Speaker de-seated, but the game is not over


-Editorial

The question whether the de-seating of Ayaz Sadiq as Speaker of National Assembly is vindication of Imran Khan’s year-long dharna and a game-changer in national politics has no easy answer. Ayaz Sadiq has a right to challenge this decision of the provincial election tribunal in the Supreme Court, and he says he will.

Nonetheless the tribunal’s decision has delivered to Pakistan Tehreek-e-Insaf a huge morale-booster it desperately needed in the wake of a string of by-poll defeats and palpable disquiet within the party ranks. Imran Khan is then rightly elated over this ‘second-wicket-down’ victory.

But to the ruling Pakistan Muslim League-Nawaz losing one seat in the National Assembly is hardly a threat to its hold on national power. But when the Speaker of the National Assembly, who is supposed to be a moral compass of the 342-member elected house and is honour-bound to uphold higher values of parliamentary system, is de-seated then it is not just loss of one seat; it is much more than that.

It is loss of public face and a lasting stigma to the image of a political party. But the tribunal’s order is not as simple and direct as the PTI had expected; it declared the election to NA-122 ‘null and void’ because of irregularities in the election process and hasn’t held Ayaz Sadiq guilty of rigging or any other wrong; nor has tribunal declared Imran Khan the winner. It only de-seated Ayaz Sadiq and ordered fresh election to NA-122.

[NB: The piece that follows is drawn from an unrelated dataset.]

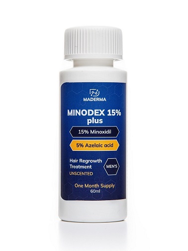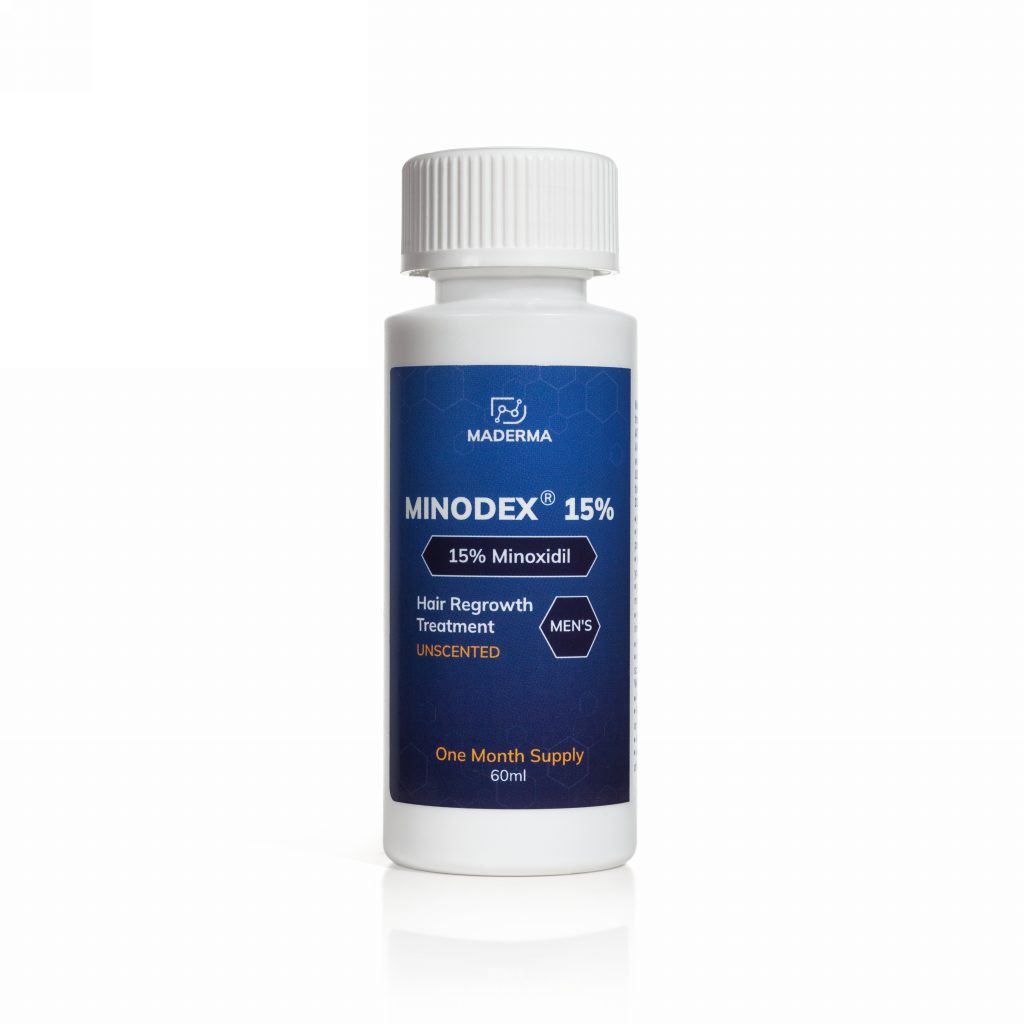 —  Men’s Minodex Extra Strength Unscented 15% Minoxidil Topical Solution with azelaic acid to help treat hair loss, maintain hair density and allow for the regrowth of fuller hair.
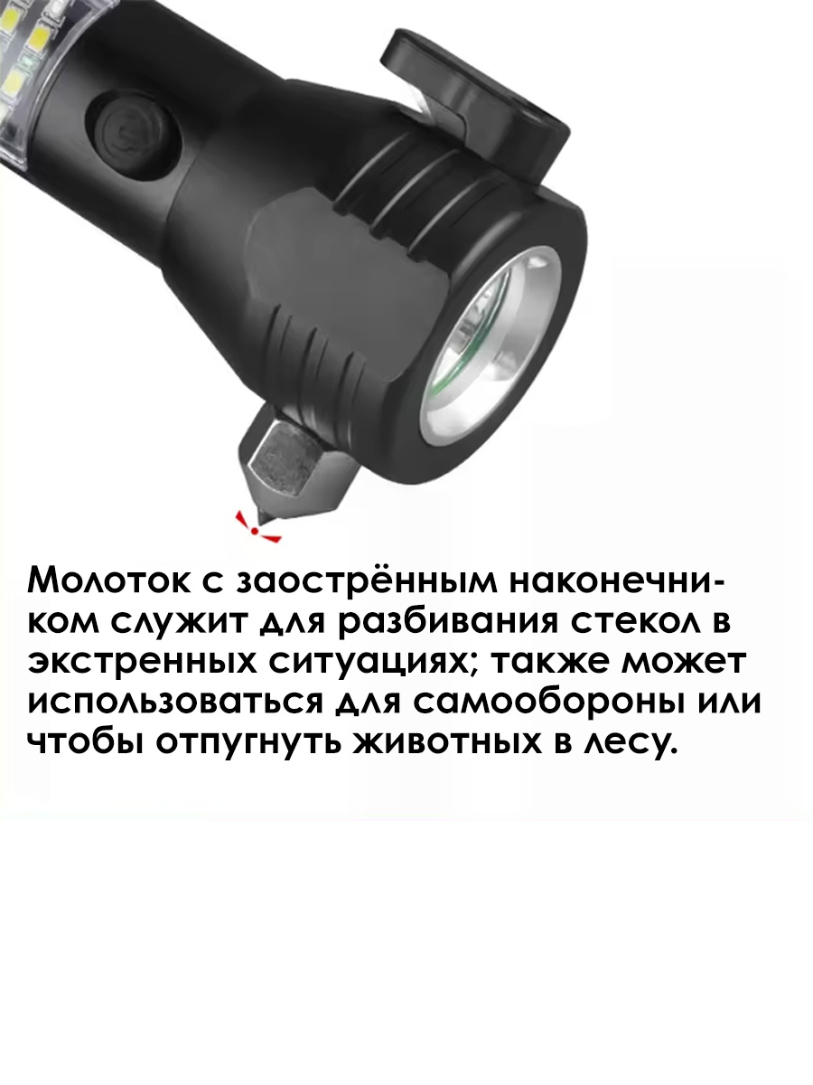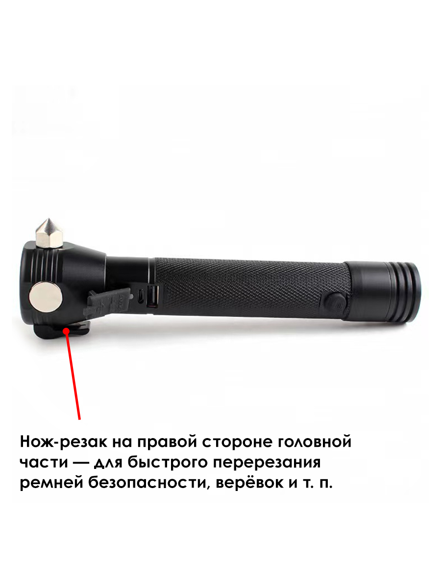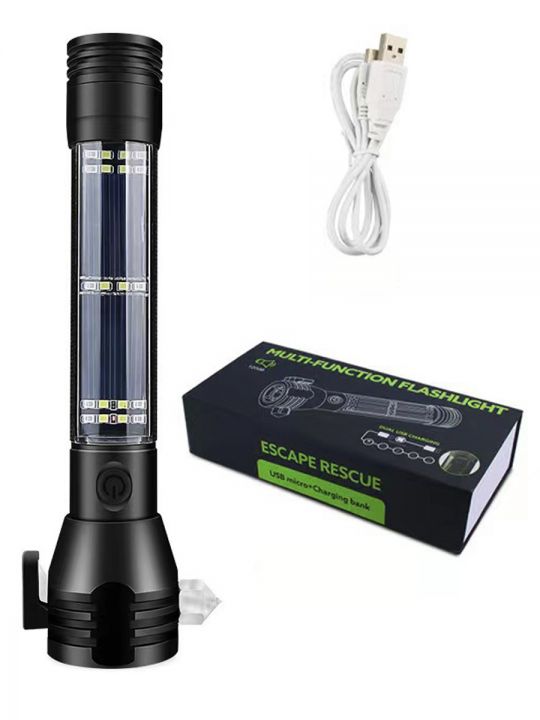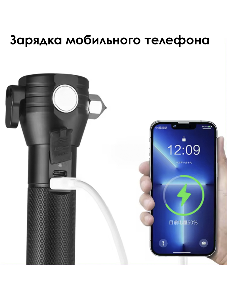 Многофункциональный фонарь 12 в 1 сочетает в себе передний и боковой свет с режимами белого, красного и синего свечения, встроенную солнечную панель и разъём Type-C для зарядки, функцию пауэрбанка через USB-выход, молоток для разбивания стекла, нож-резак для ремней и верёвок, динамик с сиреной громкостью 120 дБ для подачи сигнала SOS или отпугивания животных, мощный магнит для крепления к металлическим поверхностям, а также свисток и предохранитель от случайного включения. Мощность переднего света: T6 LED 10 Вт, дальность до 200 м. Режимы переднего света: 100%, 50%, стробоскоп. Боковой свет: 10×SMD белый, красно-синий маяк. Аккумулятор: Li-ion 18650, ёмкость 1500 mAh. Зарядка: солнечная панель 5V 50 mA, разъём Type-C. Функция: пауэрбанк через USB-выход. Сирена: громкость 120 дБ. Инструменты: молоток-забойник, нож-резак. Крепление: встроенный магнит Материал корпуса: алюминиевый сплав. Время работы: передний свет 3–6 ч, боковой свет 3–7 ч. Вес: 460 г.

To that extent, the tribunal’s verdict is nearly the same as of the Judicial Commission which too rejected the PTI charge of systematic rigging on the part of PML (N), as both have held irregularities in election as villain of the piece.

Except for the fact that both the wickets taken by Imran Khan are critical to the prospects of the PML (N) innings, the decision of the provincial election tribunal is neither a game-changer in national politics nor a prop to refurbish image of Tehreek-e-Insaf; it is just one out of dozens of decisions by the election tribunals that are routinely set up following the general elections.

One would have no beef with the PTI celebrations over this victory, but beyond this, its course is beset with quite a few uncertainties. It remains to be seen whether or not the court of appeal would endorse the tribunal’s decision primarily based on its conclusion that only 73,478 votes polled in NA-122 could be verified and that only 40 percent of fingerprints matched the Nadra records.

The tribunal did point out a number of irregularities but these were traced to the inefficiencies of the election commission, and not of the candidates. So, by no means the NA-122 saga is over, nor a good enough reason for the PTI to go for another dharna or its demand for resignations of the election commission members and Nadra officials.

But having said that, one would be only profoundly naive to think that de-seating Ayaz Sadiq has not dented the democratic credentials of the PML (N) leadership. Ayaz Sadiq is no more member of parliament and stay at home to cool his heals. Unless the tribunal’s order to de-seat him is overturned by the apex court it holds the ground.

And in the meanwhile the electoral reforms committee should work overtime to firm up a bill for their legislation. Both the judicial commission and the election tribunal concur that the election process requires a massive overhaul, without which controversies about the fairness and impartiality of electoral exercises in the country would remain issues of serious contention.

Best, if the electoral reforms bill is passed before the local government elections in Punjab and Sindh. We don’t know if that would be possible – for, if the PTI still prefers dharna to its role in parliament for electoral reforms the PML (N) too is quite disinterested in this matter.

That should change. Dharnas are not substitute for elected houses and being in power doesn’t absolve the PML (N) government of its responsibility to carry out legislations – promptly and comprehensively.